Tables are defined by a schema, e.g..

create table Employee (
   id   integer primary key,
   name varchar(20) not null,
   job  varchar(10), 
   dept smallint references Dept(id)
);

Tuples are collection of attribute values based on a schema. Records are a sequence of bytes, containing data for one tuple. Bytes need to be interpreted relative to a schema to get a tuple.

Converting Records to Tuples

A Record is an array of bytes. - Represents the data values from a typed Tuple. - Stored on disk (persistent) or in a memory buffer.

A Tuple is a collection of named, typed values (similar to C structs). - An interpretable structure is needed to manipulate the values. - Stored in working memory (temporary).

Information to Interpret Bytes in a Record

May be contained in schema data in DBMS catalog.
May be stored in page directory.
May be stored in the record (header).
May be stored partly in record and partly in schema.

For variable-length records, formatting information is required:

Must be stored in the record or in the page directory.
- Since it refers to individual records and not the whole table.
At the least, need to know how many bytes in each variable length value.

Operations on Records

Access record via RecordId:

Record get_record(Relation rel, RecordId rid) {
    (pid, tid) = rid;
    Page buf = get_page(rel, pid);
    return get_bytes(rel, buf, tid);
}

Cannot use a Record directly; need a Tuple:

Relation rel = ... // relation schema
Record rec = get_record(rel, rid);
Tuple t = makeTuple(rel, rec);

Once we have a Tuple, we can access individual attributes/fields (with index).

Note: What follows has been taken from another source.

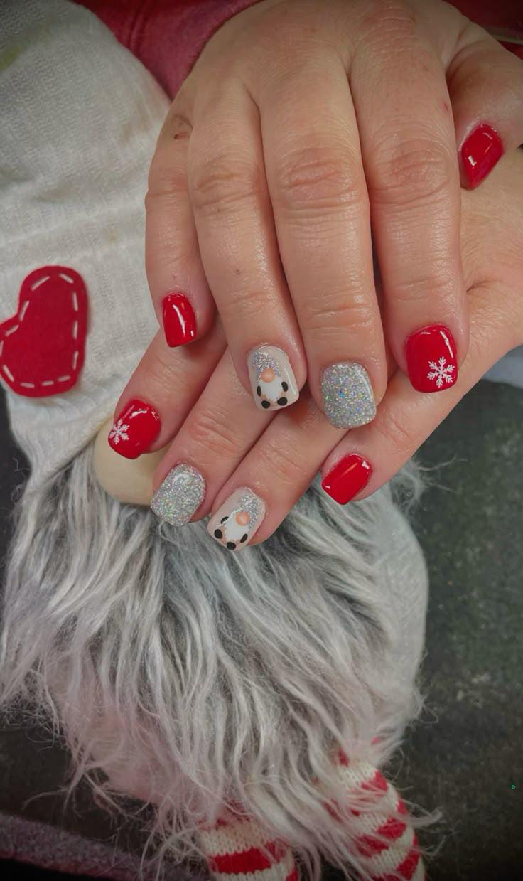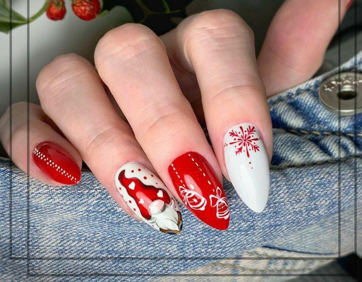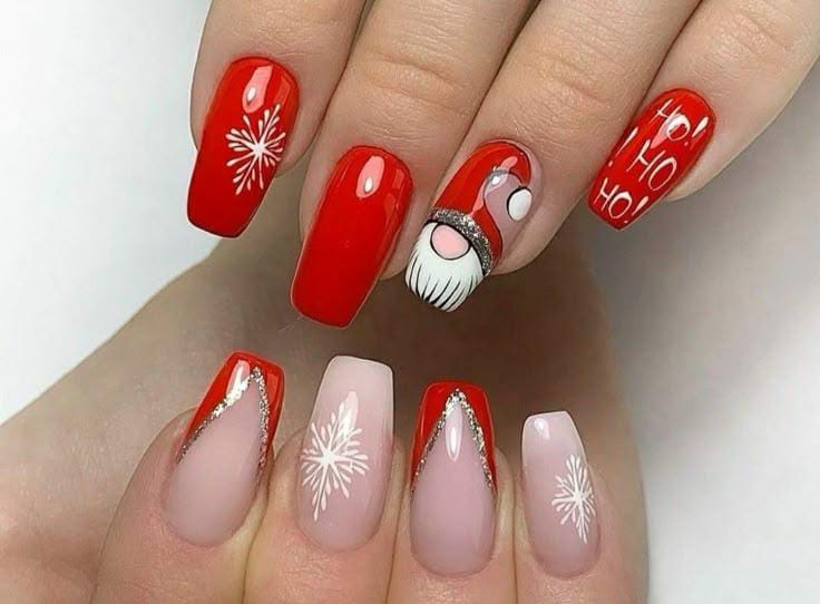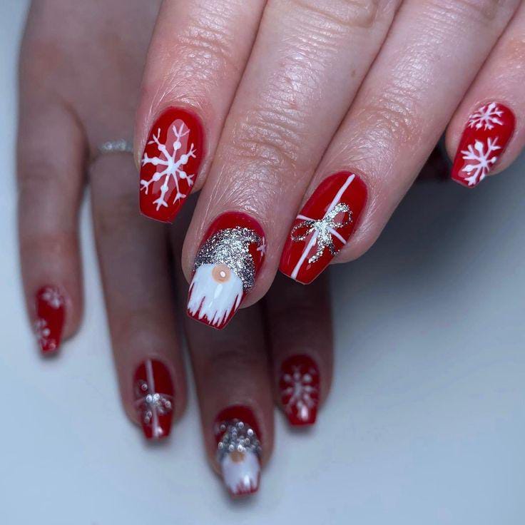 This festive red and nude manicure mixes cheerful gnome art, snowflakes, and silver accents, creating a lively holiday look that’s both fun and classic Christmas.

int x = getIntField(t, 1);
char *s = getStrField(t, 2);

Fixed Length Records

Possible encoding scheme:

Record format (length + offsets) stored in catalog.
Data values stored in fixed-size slots in data pages.

Variable Length Records

Possible encoding scheme:

Prefix each field by length.
Terminate fields by delimiter.
- Note: similar to C strings.
Array of offsets.

Data Types

DBMSs typically define a fixed set of base types which have a corresponding implementation-level data type for field values:

DBMS Type	C Level Type
`DATE`	`time_t`
`FLOAT`	`float, double`
`INTEGER`	`int, long`
`NUMBER(n)`	`int[]`
`VARCHAR(n)`	`char[]`

Field Descriptors

Tuple can be implemented as:

List of field descriptors for a record instance.
- Where FieldDesc gives (offset, length, type) information.
Along with a reference to the Record data.

typedef struct {
  ushort    nfields;   // number of fields/attrs
  ushort    data_off;  // offset in struct for data
  FieldDesc fields[];  // field descriptions
  Record    data;      // pointer to record in buffer
} Tuple;

Fields are derived from relation descriptor + record instance data.

Tuple data could be:

A pointer to bytes stored elsewhere in memory.
Or, appended to Tuple struct (used widely in PostgreSQL).